She Betta Work

Illustration for article titled She Betta Work

I love fashion week with all its boundary-pushing conceptualism, but I was a bit startled by last week's Louis Vuitton runway show during Paris Fashion Week, featuring wafer-thin models with super-sized afros. While I'm sure there are some folks amongst us who would take one look and think, "Louis Vuitton has money - why didn't he make those girls get their hair done?!" the hair wasn't the issue for me.


For a show that featured one unapologetically kinky wig after next, I found it kind of insulting that only a handful of black models out of at total of 55 were chosen. In an era when African American models are still starving for runway work, I'd love to know why Louis Vuitton's designer Marc Jacobs used so few models of African descent. To his credit, Jacobs didn't discriminate: there were girls of all races representing on the runway, just not too many that could actually grow a 'fro.

It was encouraging, however, to hear the aptly-named Chanel Iman, who graced the catwalk for Louis Vuitton this year seem so optimistic in regards to diversity in the fashion industry. "It's definitely getting better," she gleefully shared afterward the show, "we had five or six black girls in Louis Vuitton today, so woo hoo!" I guess that's more company than Naomi Campbell had fifteen years ago.

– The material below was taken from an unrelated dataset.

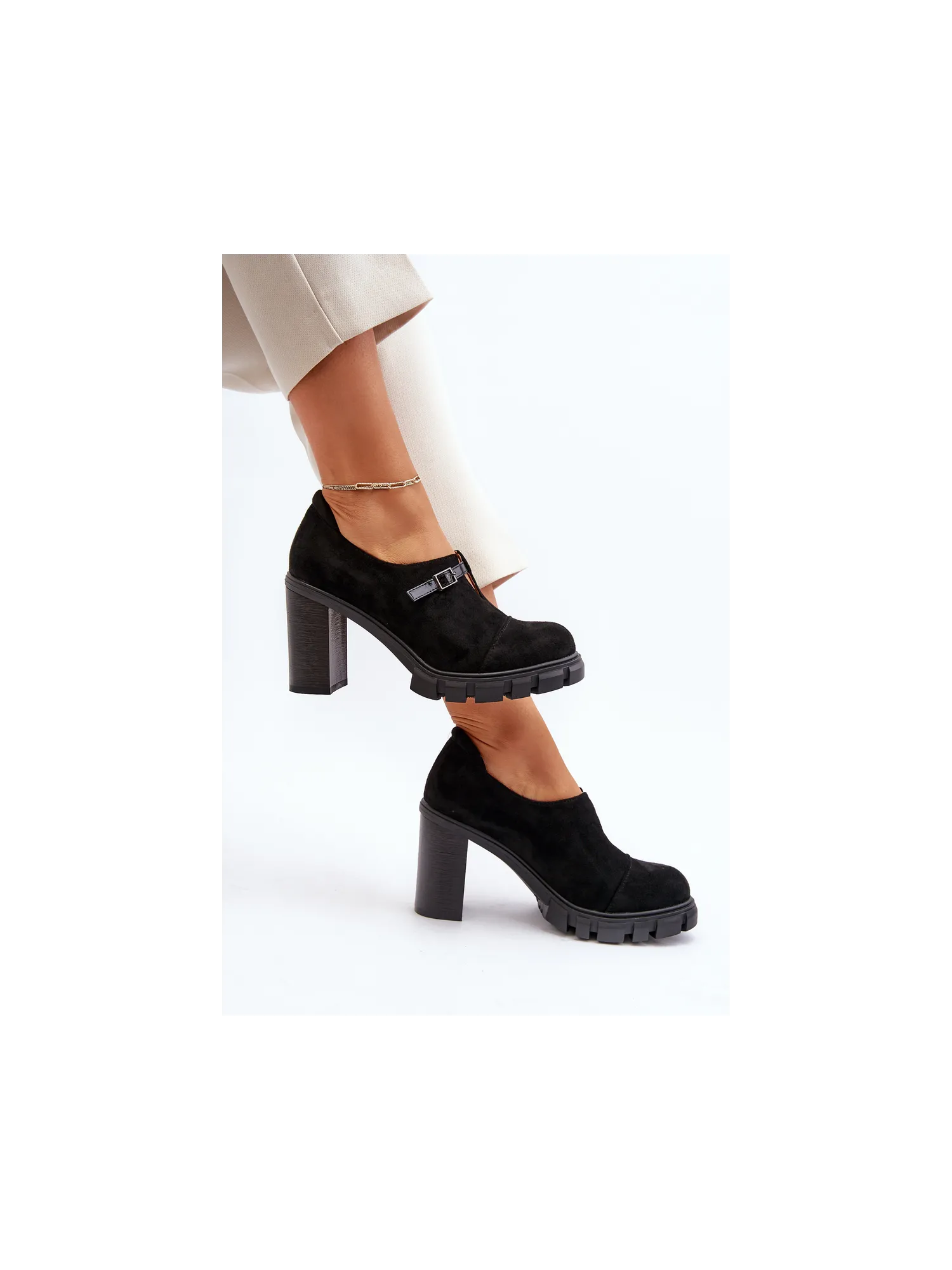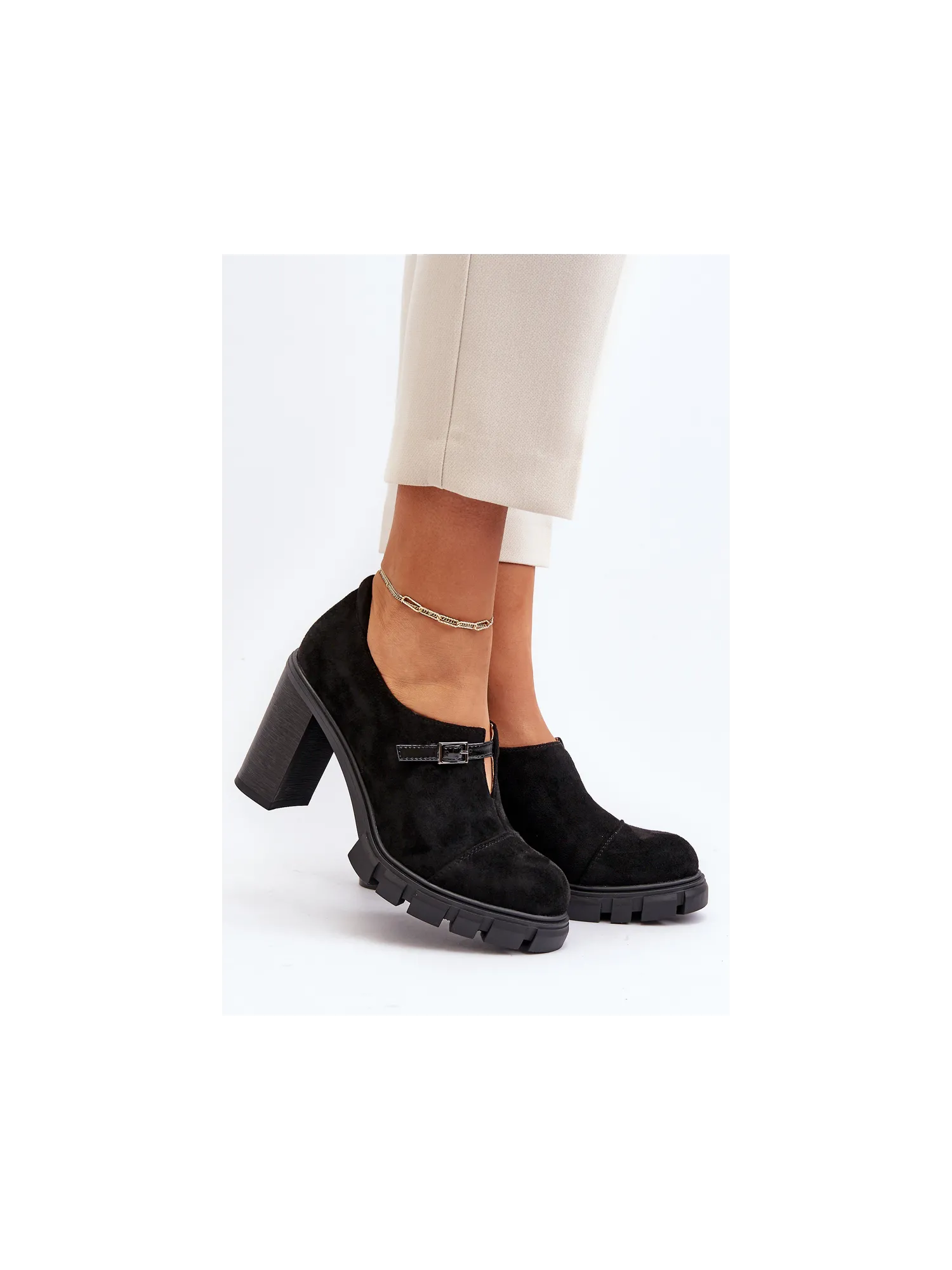 Žavingi Jezzi prekės ženklo batai. Pagaminti iš ekologiškos zomšos, jie yra tikras perlas jūsų garderobe. Jų stabilus stulpelio formos kulnas suteikia komfortą dėvint, o suapvalinti pirštai suteikia subtilumo. Be to, ant viršutinės dalies uždėtas dirželis su sagtimi, suteikiantis jiems elegantišką ir stilingą išvaizdą. Puikiai tinkantys kasdienai ar ypatingoms progoms, šie batai yra ne tik madingas aksesuaras, bet ir patogi avalynė kojoms. Renkantis dydį, vadovaukitės dydžių lentele.

Still, I can't help but wonder if the handful that were just there because of the seemingly post-racial, neo-bohemian, post-apocalyptic theme L.V. chose to go with this year. A world where America's "so cool and edgy and post-racial, we've all got the hair to prove it!" Or if they were selected because an entire runway show featuring white models sporting afro wigs might be a little too…I don't know. A lot of things.

Let's just hope that next season, when all the afro wigs are neatly packed away, the fashion industry remembers that black girls need work, too.